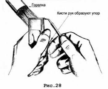 Изготовленное тем или другим способом окно следует припаивать к прошлифованному на планшайбе не очень крупным абразивом торцу трубки. Если само окно очень ровное (полученное шлифовкой), то уложив его на торец трубки и отцентровав, прогреваем его в специальной печи или, если это пирекс и молибденовое стекло диаметром не более 40 мм, на мягком и не горячем пламени горелки до жёлтого свечения пламени, а затем провариваем шов пламенем микрогорелки, работающей на гремучем газе в несколько проходов. Её мощность следует выбирать не очень большой. Окна из бактерицидного стекла можно паять к трубкам из «зелёнки» до диаметра 26 мм. Греть следует не центр окна, а его края (см. рис. 28).
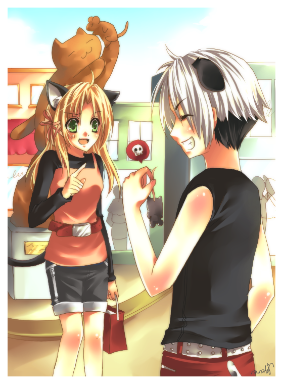 Your anatomy skills are improving so rapidly, and it shows in the way you posed the catgirl in the first picture. Her pose looks very natural, and her hair and the clothing wrinkles are so smooth and professional-looking! The cat-n-mouse statue in the background is really cute, too. It adds to the scene, which is very well thought-out, by the way. ;3
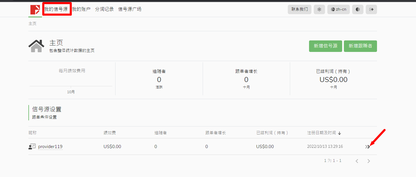 1. 在「我的信號源」欄目下,點擊想要歸檔的信號策略。
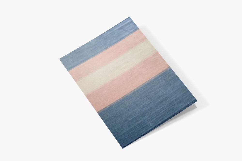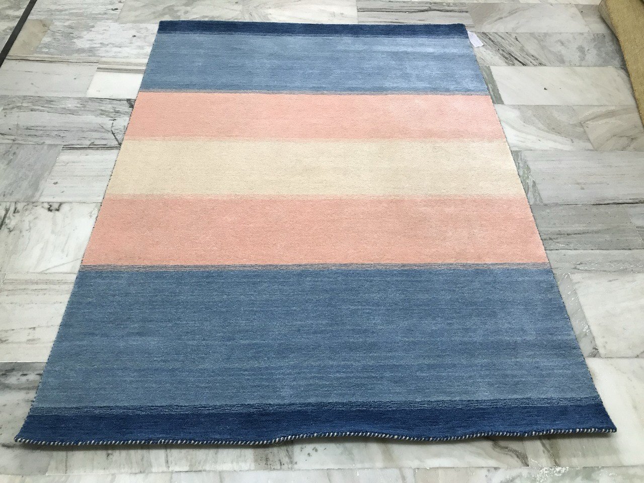 The Ocean Sunset handloom carpet is a stunning blend of serene blue tones and soft pastel peach, evoking the beauty of a sunset over the ocean. The gradient effect creates a soothing and elegant ambiance, making it a perfect statement piece for modern and minimalistic interiors.
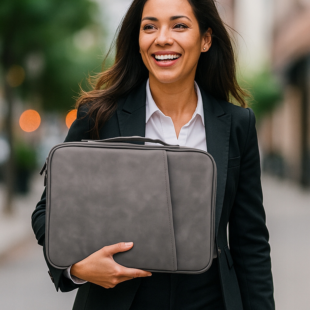Скільки аксесуарів ви носите з собою на роботу щодня? Планшет, телефон, навушники, блок живлення, блокнот, ручки, календар, гаманець... Тепер ви можете зручно носити всі ці предмети в одному акуратному та міцному футлярі.
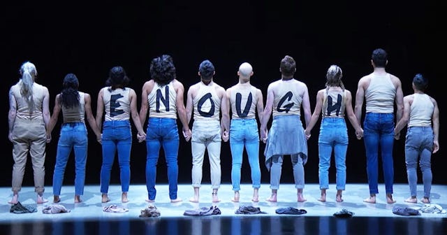 In the dance, Benjamin Castro, Gino Cosculluela, Eddie Hoyt, Madison Jordan, Anna Linstruth, Bailey Munoz, Sophie Pittman, Mariah Russell, Ezra Sosa, and Stephanie Sosa danced with movements that evoked the sudden jolts of violence that accompany mass shootings, and then the grief and fear that ripple across communities as a result. It was a haunting routine that ended with the dancers taking off their shirts and turning around to reveal “ENOUGH” written across their backs.
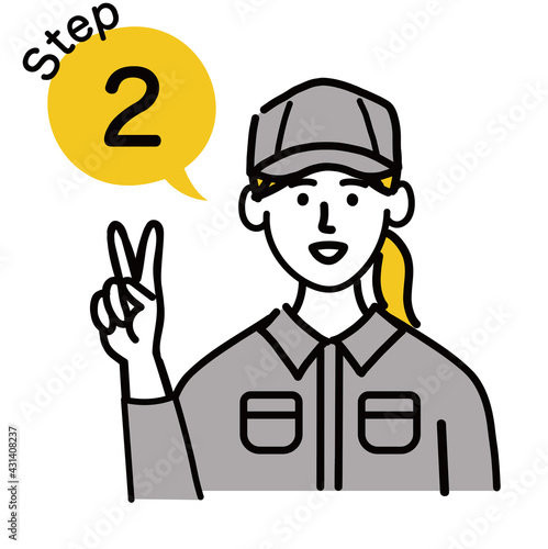 作業服 女性 若い ステップ 2 ポップ 手描き
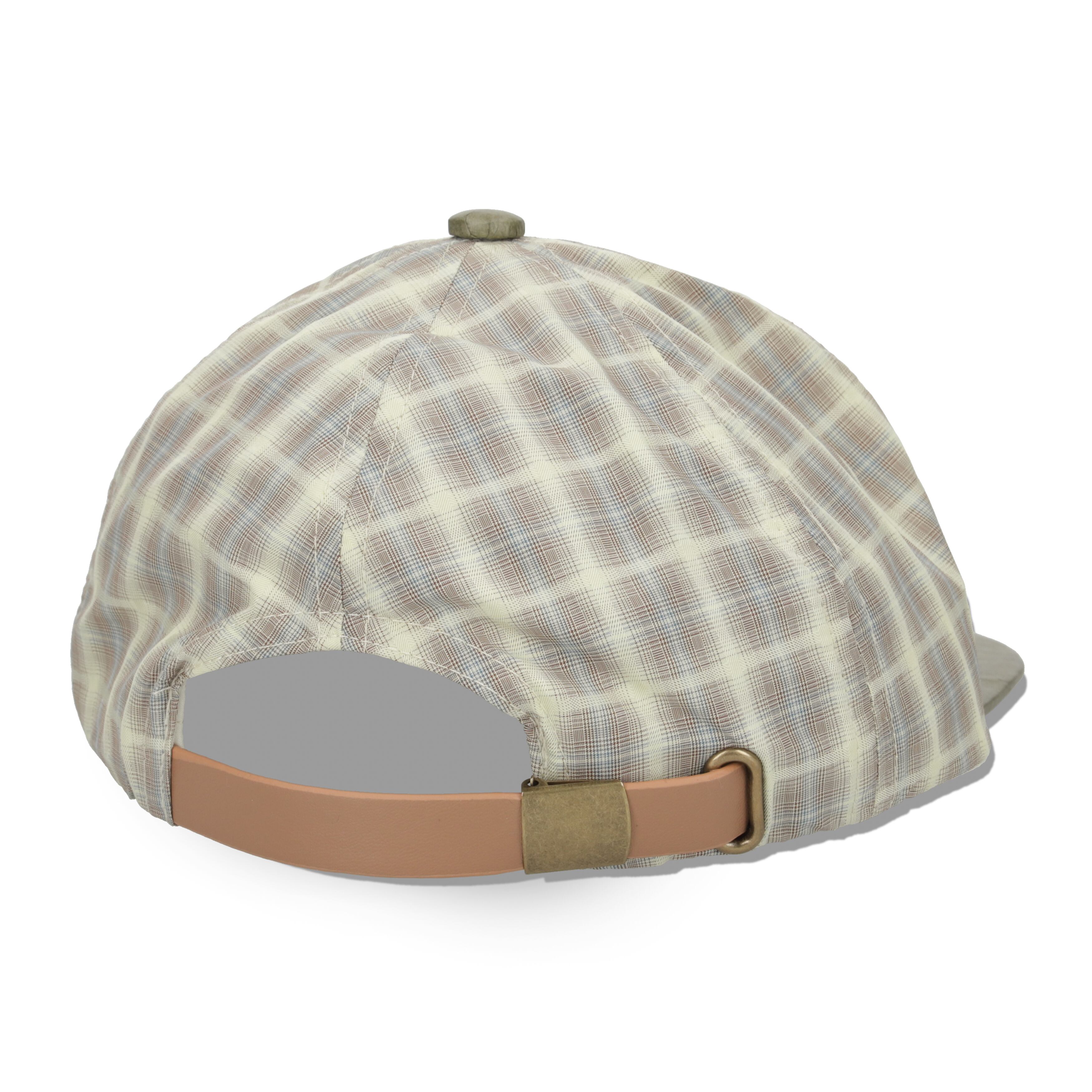 フロントパーツにはペーパーライクなテック素材を使用し、サイドにはポリエステルのチェック生地を採用しています。
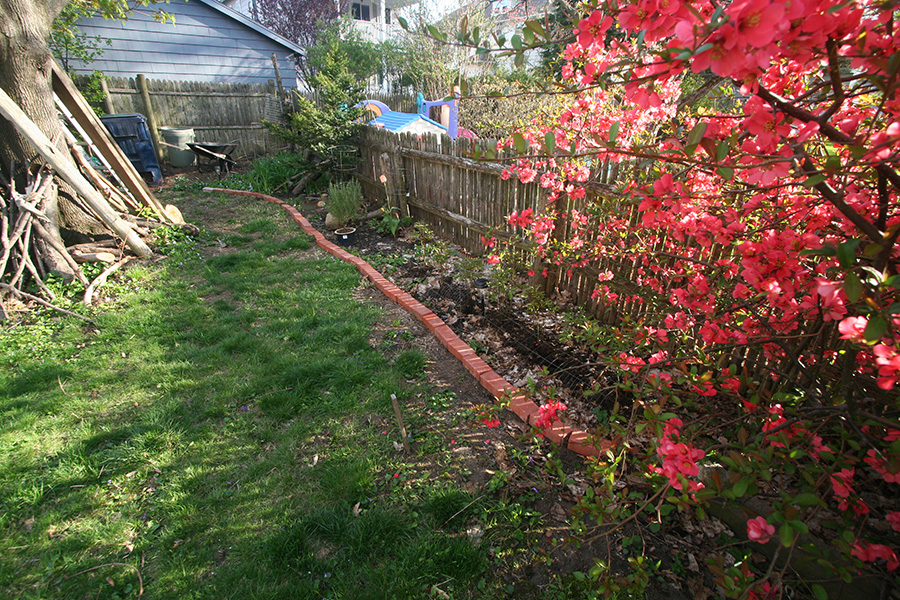 it's a nice look but i think we still need 100 more bricks before i can completely make it along the perimeter of the backyard. the area to the west of the house - where the raspberries and the money plants and the various irises and honeysuckles - are edged with old 4x4" posts. they're a lot easier to lay down (not as versatile though, can't make minute adjustments like i can with bricks) but because they're wood (even pressure-treated) they'll eventually rot and need replacing (that time is pretty much already here).
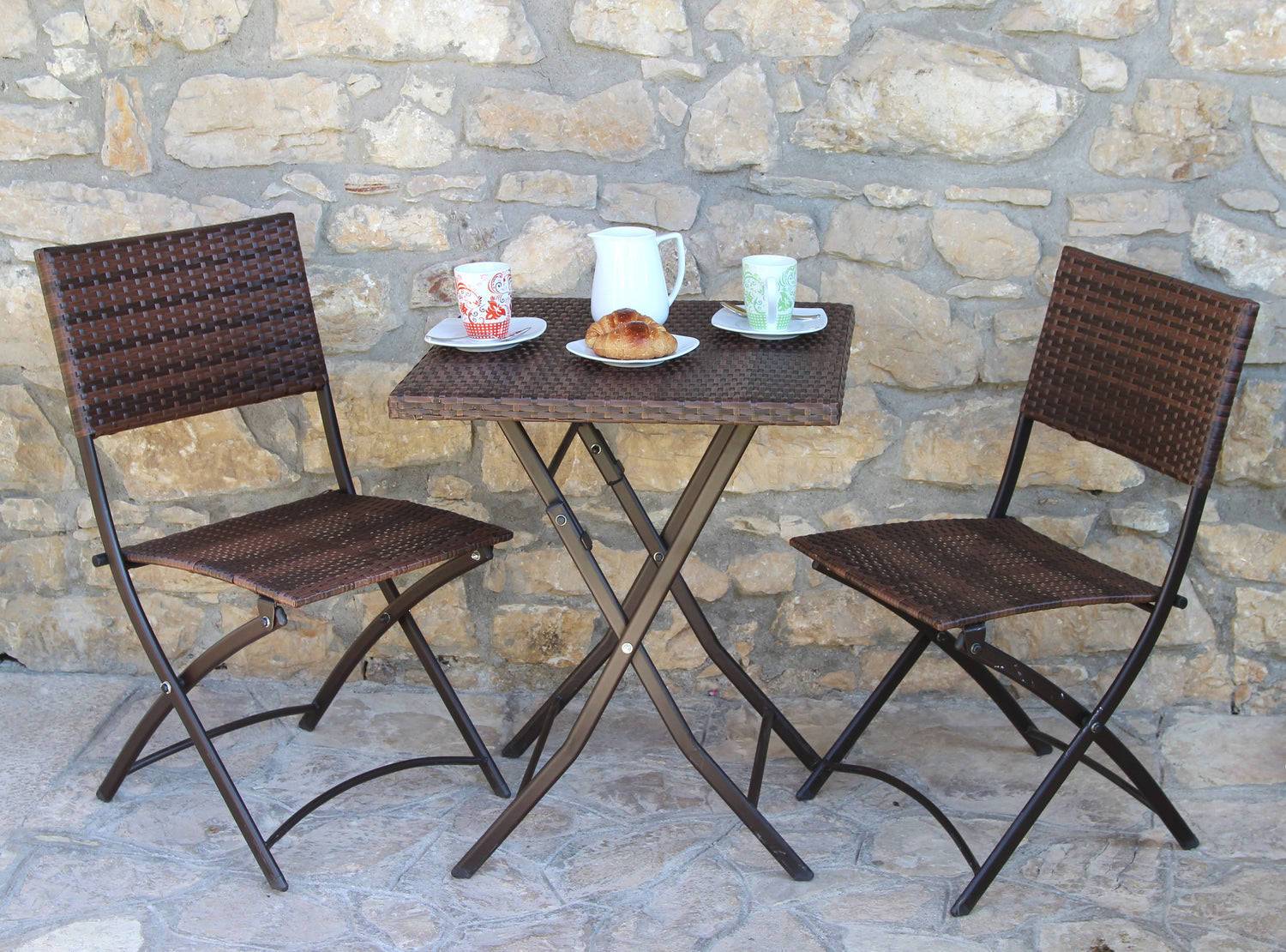 struttura in acciaio verniciato, piano tavolo e sedute in polirattan. Pieghevole. Composto da: tavolino cm 60x60x72h due sedie cm 46x55x81h

Task to carry out:
Every line of the data above should be quoted exactly. Omit the pictures.

Response area:
 Изготовленное тем или другим способом окно следует припаивать к прошлифованному на планшайбе не очень крупным абразивом торцу трубки. Если само окно очень ровное (полученное шлифовкой), то уложив его на торец трубки и отцентровав, прогреваем его в специальной печи или, если это пирекс и молибденовое стекло диаметром не более 40 мм, на мягком и не горячем пламени горелки до жёлтого свечения пламени, а затем провариваем шов пламенем микрогорелки, работающей на гремучем газе в несколько проходов. Её мощность следует выбирать не очень большой. Окна из бактерицидного стекла можно паять к трубкам из «зелёнки» до диаметра 26 мм. Греть следует не центр окна, а его края (см. рис. 28).
 Your anatomy skills are improving so rapidly, and it shows in the way you posed the catgirl in the first picture. Her pose looks very natural, and her hair and the clothing wrinkles are so smooth and professional-looking! The cat-n-mouse statue in the background is really cute, too. It adds to the scene, which is very well thought-out, by the way. ;3
 1. 在「我的信號源」欄目下,點擊想要歸檔的信號策略。
 The Ocean Sunset handloom carpet is a stunning blend of serene blue tones and soft pastel peach, evoking the beauty of a sunset over the ocean. The gradient effect creates a soothing and elegant ambiance, making it a perfect statement piece for modern and minimalistic interiors.
Скільки аксесуарів ви носите з собою на роботу щодня? Планшет, телефон, навушники, блок живлення, блокнот, ручки, календар, гаманець... Тепер ви можете зручно носити всі ці предмети в одному акуратному та міцному футлярі.
 In the dance, Benjamin Castro, Gino Cosculluela, Eddie Hoyt, Madison Jordan, Anna Linstruth, Bailey Munoz, Sophie Pittman, Mariah Russell, Ezra Sosa, and Stephanie Sosa danced with movements that evoked the sudden jolts of violence that accompany mass shootings, and then the grief and fear that ripple across communities as a result. It was a haunting routine that ended with the dancers taking off their shirts and turning around to reveal “ENOUGH” written across their backs.
 作業服 女性 若い ステップ 2 ポップ 手描き
 フロントパーツにはペーパーライクなテック素材を使用し、サイドにはポリエステルのチェック生地を採用しています。
 it's a nice look but i think we still need 100 more bricks before i can completely make it along the perimeter of the backyard. the area to the west of the house - where the raspberries and the money plants and the various irises and honeysuckles - are edged with old 4x4" posts. they're a lot easier to lay down (not as versatile though, can't make minute adjustments like i can with bricks) but because they're wood (even pressure-treated) they'll eventually rot and need replacing (that time is pretty much already here).
 struttura in acciaio verniciato, piano tavolo e sedute in polirattan. Pieghevole. Composto da: tavolino cm 60x60x72h due sedie cm 46x55x81h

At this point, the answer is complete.